‘Indians knew gravity laws 500 yrs before Newton’

via http://www.sakaaltimes.com/SakaalTimesBeta/20100415/4868998689795260800.htm published on April 18, 2010

By Sushant Kulkarni

PUNE: Ancient Indian mathematician Bhaskaracharya, in his book Siddhanta Shriromani, had defined laws of gravity in 12th century, 500 years before Newton defined them for us. The speed of light was known to Indians since Vedic period, centuries before it was calculated by the Western world.


Maitree, a group of professionals from Tata Consultancy Services and Bengaluru-based NGO Sanskrit Bharati have come together with a unique exhibition, Pride of India, to spread awareness about India’s rich scientific heritage.


The exhibition will showcase 150 posters, each explaining one Sanskrit shloka from ancient Indian scientific literature. “The shlokas (verses) by ancient scientists and mathematicians like Bhaskaracharya, Baudhayana, Apastambha, Bhaskaracharya’s daughter Leelavati have been showcased in the exhibition.” says Aashish Manjaramkar, exhibition coordinator. “Our aim is to tell that zero is not the only contribution that Indians have made to science and maths.” he adds.


Manjramkar tells, “Very few of us know that speed of light was known to Indians in Vedic period. A shloka says that the speed of light is 2202 yojana per half nimish.  Yojana is a unit of distance which equals to 9.06 miles and half a nimish (nimishardha) is one tenth of a second. The figure is very close to the modern measurement of speed of light.”
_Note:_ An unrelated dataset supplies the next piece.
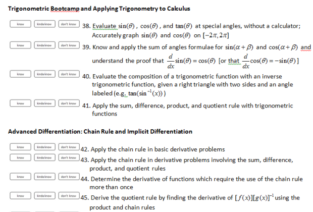 So I’ve tended to do C. I let my kids spend the class time any way they want. I give them a list of topics (or because I’m doing SBG in calculus, I give them a list of skills) and ask them to classify them as “know” “kinda know” and “don’t know”

Sanskrit Bharati, which works in all major cities of India and also in 16 USA cities., was established in 1983 and works for promotion of Sanskrit as spoken language. The organisation regularly stages such events across India. The venue of the exhibition is The TCS’s Quadra office at Magarpatta city on Friday. For more information about the exhibition call Madhav Kelkar at 9422361095 or Aashish Manjramkar at 9422188702.



“One of the shlokas in the exhibition describes a conversation between and his daughter Leelavati, who also was a mathematician. The conversation beautifully explains spherical shape of earth, gravitation force that keeps planets revolving in space,” says Manjaramkar.